Gâteau Baiser De Safran
(Saffron Kiss Cake)
Recipe by Michelle Krell Kydd
Yield: Two Cakes
· 4 cups Arrowhead Mills® Organic Whole Grain Pastry Flour
· 4 tablespoons Bob’s Red Mill® Ground Flaxseed Meal (blonde)
· 1 cup granulated sugar
· 4 teaspoons aluminum-free baking powder
· ½ teaspoon baking soda
· ½ teaspoon salt
· 1 teaspoon ground green cardamom (Guatemalan)
· 3 pinches Iranian Sargol saffron (heaping ¼
· 1 tablespoon of pure almond extract
· 1 tablespoon and 2 teaspoons Cortes® brand rose water
· 5 ounces golden raisins (picked through)
· 2 ½ cups low-fat, “no salt added” buttermilk
· ½ cup grapeseed oil
· 4 large egg whites
· Preheat oven to 350 degrees.
· Infuse saffron in a shot glass with 2 tablespoons warm water for 10 minutes.
· Sift flour, sugar, baking powder, baking soda, and salt. Add cardamom and flaxseed meal (without sifting) and mix dry ingredients together.
· In a separate bowl, separate egg whites and add rosewater and almond extract. Mix by hand until incorporated.
· In a separate bowl mix buttermilk and saffron infusion, including stigmas.
· Add grapeseed oil to the wet ingredients and mix well by hand. It is important to add the grapeseed oil last as oil seals the stigmas and prevents further color infusion into the wet ingredients.
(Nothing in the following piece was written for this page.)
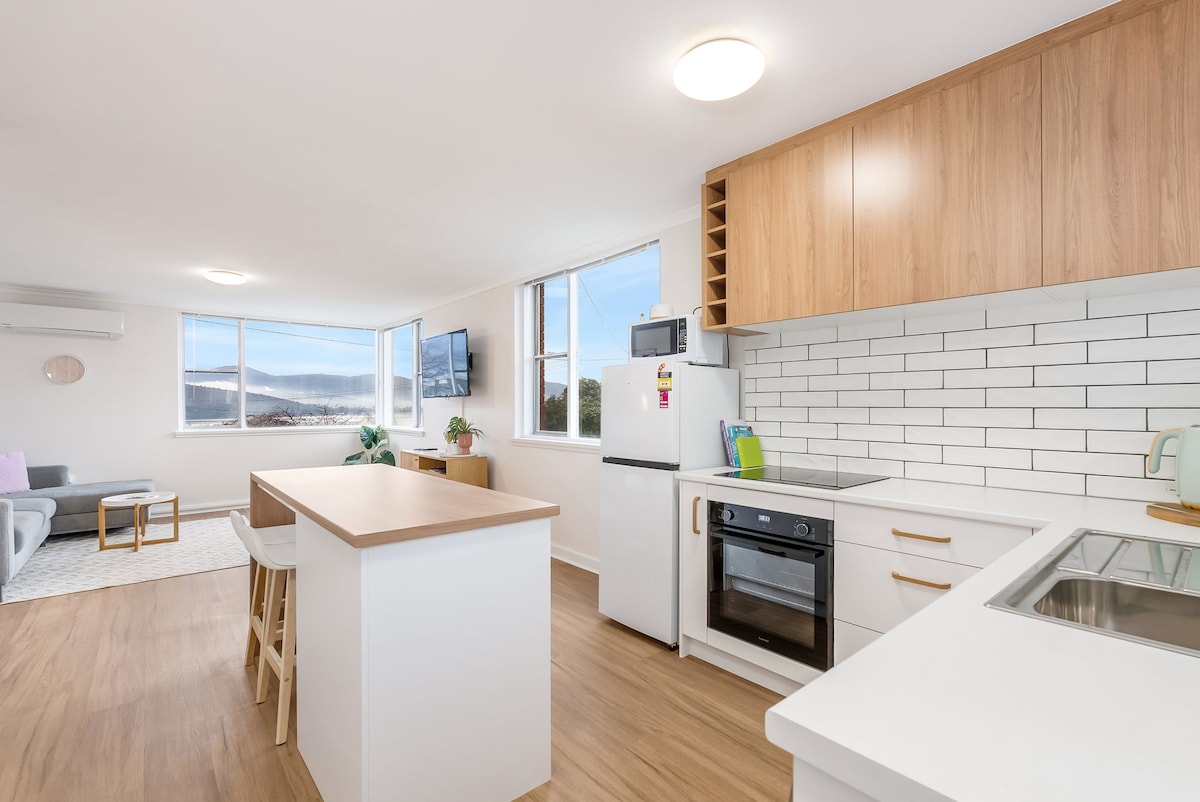 Indulge in comfort in your contemporary NoHo (North Hobart) apartment- sunny, stylish, and spacious. Free off-street parking! Fast WiFi, making it an excellent space for work stays. Watch the sun rise from the comfortable queen bed, made with an Australian Wool Topper. Enjoy a fresh brewed morning coffee from the well-appointed kitchen. The bathroom features a huge walk-in shower, and luxury toiletries. Relax with an afternoon drink in private sunny courtyard. Free, secure luggage storage!

· Add golden raisins to the liquid mixture.
· Make a well in the bowl with the dry ingredients and combine with wet ingredients, gently folding until everything is mixed.
· Fill two 8 ½ x 4 ½ x 2 ¾ loaf pans and bake for approximately 50 minutes (or until a toothpick inserted in the center comes out clean). The pans should be set on the center oven rack.
· Remove cakes from the oven and allow them to cool on a wire rack.
· Store cakes in the refrigerator. Slices can be served at room temperature or warmed up.
Vanilla Saffron Imports sells Iranian Sargol saffron in various sizes. Stick with saffron threads versus the powder. (415) 648-8990
Kalustyan’s sells grapeseed oil, ground green cardamom, genuine almond extract and rosewater. (800) 352-3451
The artwork which accompanies this post is Lord Frederic Leighton's Flaming June, (1895). The painting now resides at Museo de Arte de Ponce in Puerto Rico. Leighton is considered a Classicist and this is his most well-known work. Photo from the June 2005 edition of The Victorian Society Newsletter.
This article and the accompanying recipe appeared in the January 19th and January 26th editions of Bois de Jasmin.